В последовавшей затем гонке броненосцев первым, как и следовало ожидать, был новый «броненосец-крейсер» «Пересвет» (флаг младшего флагмана К. П. Кузьмича), показавший на 566-мильном пробеге среднюю скорость 15,7 уз (тоже на 3 уз меньше, чем на испытаниях). Такова была степень зависимости скорости кораблей-угольщиков от названных ранее факторов, среди которых немалая роль принадлежала расторопности и выносливости кочегаров и качеству угля на их лопатах.

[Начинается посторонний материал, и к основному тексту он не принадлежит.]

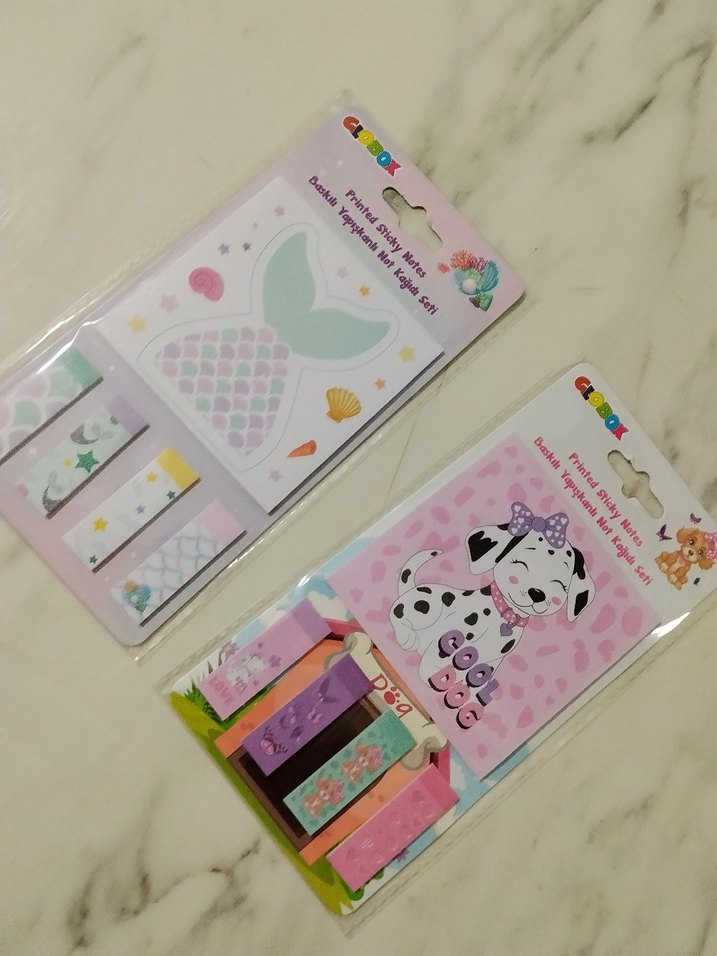 Pastel pembe renklerde, denizkızı kuyruğu ve benekli yavru köpek desenli yapışkan not seti, 2 lı fiyattır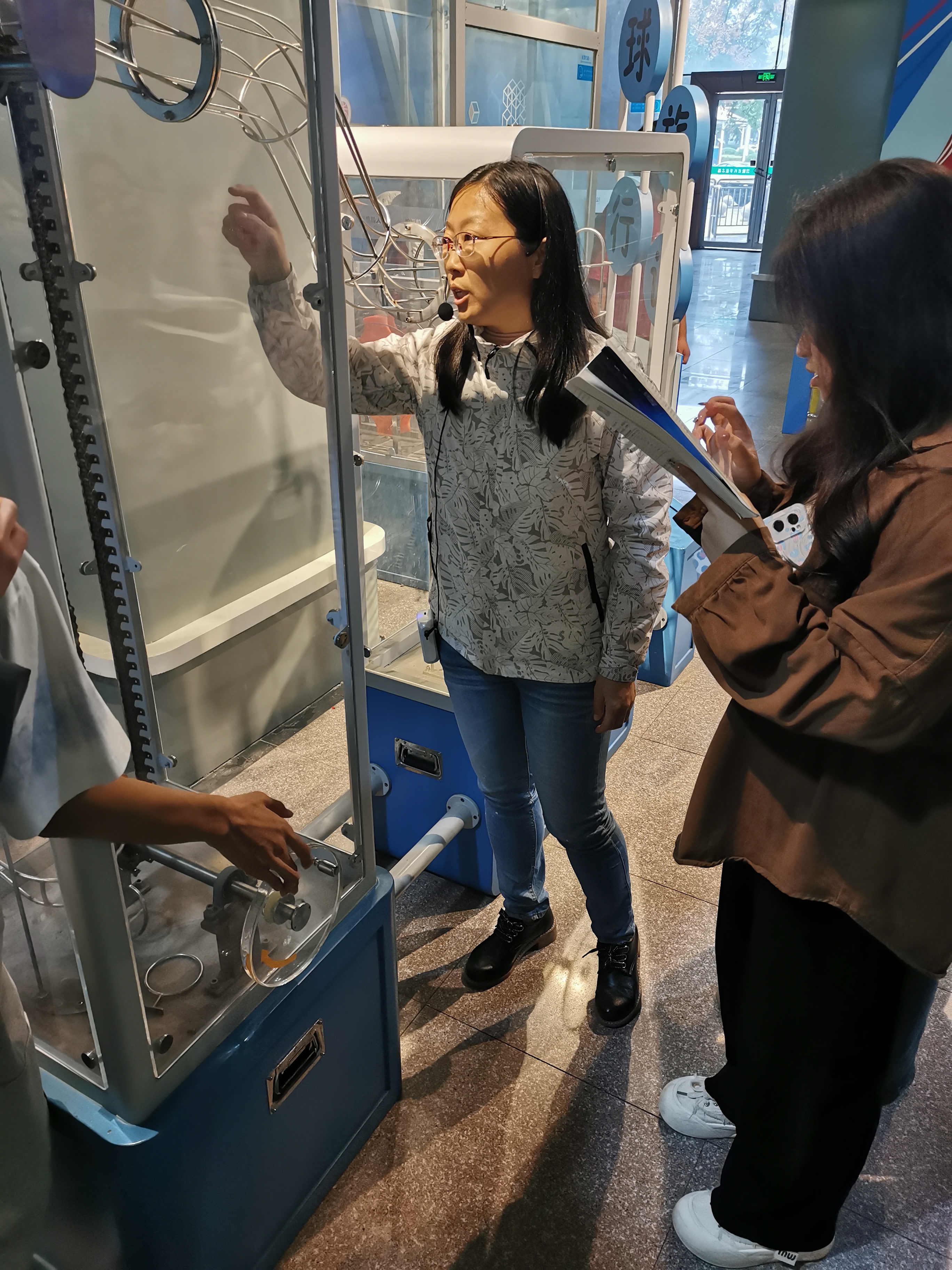 在本次参观学习的重点“小球旅行记”展区,王老师一边带领学生动手操作,一边提问学生相关问题,并对一些细节进行补充。通过实际操作,真正做到理实结合,学生充分理解和掌握了课堂上介绍的几种常见的传动方式。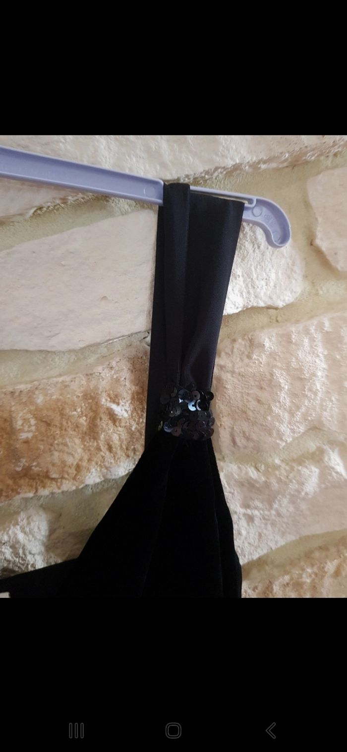 Jolie robe noire sans manches. En velours sur le haut. Et tissu léger sur le bas. Avec strass.. lien à l arrière. Fermeture éclair sur le côté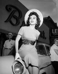 Beverly Thurman sitting on car.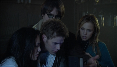 As we get some degree of introduction to the characters, we learn that the blonde is a psychology major, working on her thesis which, as far as I can tell, has absolutely nothing to do with psychology. Brunette is a red shirt, working on her five-finger discount and mad faux-lesbian skills. She’ll be the first to die, just before Mr. English-Ain’t-Mah-First-Language gets taken out by a rogue piece of rusty pipe. There are also three guys, but they’re indistinguishable from each other until about forty-five minutes in.

29 октября 1902 г. эскадра (уже под командованием контр-адмирала О. В. Старка, сменившего Н. И. Скрыдлова) собралась на Талиенванском рейде, чтобы подвести итоги боевой учебы уходящего года.
В четыре линии встали крейсера «Россия» (флаг начальника эскадры), «Громобой», «Варяг», броненосцы «Пересвет», «Севастополь», «Полтава», заградители «Амур», «Енисей», канонерская лодка «Гремящий», крейсера «Разбойник», «Забияка», эскадренные миноносцы «Боевой», «Бесстрашный», «Бесшумный», «Беспощадный», «Лейтенант Бураков» и отряд номерных миноносцев № 203, 204, 210, 211 во главе с минным крейсером «Всадник». В 9 ч утра в центре встал «Рюрик», пришедший из Порт-Артура под флагом командующего морскими силами. Адмирал Е. И. Алексеев приступил к проверке боевой готовности кораблей начиная с крейсера «Россия». Один за другим корабли исполняли все полагающиеся по уставу тревоги и учения. [145]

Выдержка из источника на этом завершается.